If we do not hold controlling equity positions in the portfolio companies included in our portfolio, we will be subject to the risk that a portfolio company may make business decisions with which we disagree, and that the management and/or stockholders of a portfolio company may take risks or otherwise act in ways that are adverse to our interests. Due to the lack of liquidity of the debt and equity investments that we expect to hold in our portfolio companies, we may not be able to dispose of our investments in the event we disagree with the actions of a portfolio company and may therefore suffer a decrease in the value of our investments.

 

Defaults by our portfolio companies will harm our operating results.

 

A portfolio company’s failure to satisfy financial or operating covenants imposed by us or other lenders could lead to defaults and, potentially, termination of its loans and foreclosure on its assets. This could trigger cross-defaults under other agreements and jeopardize such portfolio company’s ability to meet its obligations under the loans or debt or equity securities that we hold. We may incur expenses to the extent necessary to seek recovery upon default or to negotiate new terms, which may include the waiver of certain financial covenants, with a defaulting portfolio company.

 

Because we rely on the interest income from our portfolio companies to fund operating expenses, payment defaults of our portfolio companies could have an adverse effect on our operations. Our interest income may not exceed our operating expenses which could affect our financial condition, results of operations and cash flow.

 

Prepayments of our debt investments by our portfolio companies could adversely impact our results of operations and ability to make stockholder distributions and result in a decline in the market price of our shares.

 

We will be subject to the risk that the debt investments we make in our portfolio companies may be repaid prior to maturity. We expect that our investments will generally allow for repayment at any time subject to certain penalties. When this occurs, we intend to generally reinvest these proceeds in temporary investments, pending their future investment in accordance with our investment strategy. These temporary investments will typically have substantially lower yields than the debt being prepaid, and we could experience significant delays in reinvesting these amounts. Any future investment may also be at lower yields than the debt that was repaid. As a result, our results of operations could be materially adversely affected if one or more of our portfolio companies elects to repay amounts owed to us prior to maturity. Additionally, prepayments could negatively impact our ability to make, or the amount of, distributions with respect to our common stock, which could result in a decline in the market price of our shares.

 

Our portfolio companies may incur debt that ranks equally with, or senior to, our investments in such companies.

 

We intend to invest a portion of our capital in second lien and subordinated loans issued by our portfolio companies. The portfolio companies usually have, or may be permitted to incur, other debt that ranks equally with, or senior to, the loans in which we invest.

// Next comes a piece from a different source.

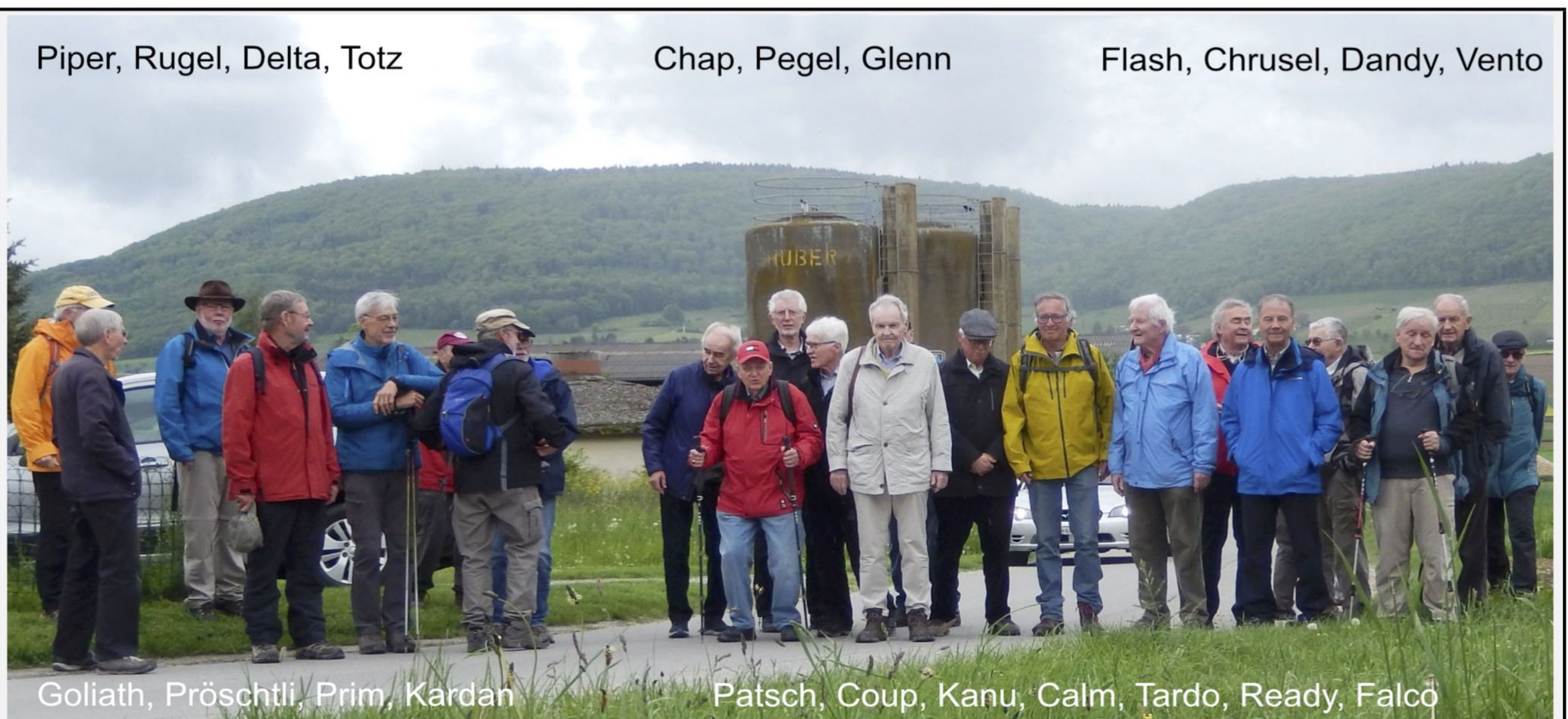
Piper, Rugel, Delta, Totz

By their terms, such debt instruments may provide that the holders are entitled to receive payment of interest or principal on or before the dates on which we are entitled to receive payments in respect of the loans in which we invest. Also, in the event of insolvency, liquidation, dissolution, reorganization or bankruptcy of a portfolio company, holders of debt instruments ranking senior to our investment in that portfolio company would typically be entitled to receive payment in full before we receive any distribution in respect of our investment. After repaying senior creditors, a portfolio company may not have any remaining assets to use for repaying its obligation to us. In the case of debt ranking equally with loans in which we invest, we would have to share any distributions on an equal and ratable basis with other creditors holding such debt in the event of an insolvency, liquidation, dissolution, reorganization or bankruptcy of the relevant portfolio company.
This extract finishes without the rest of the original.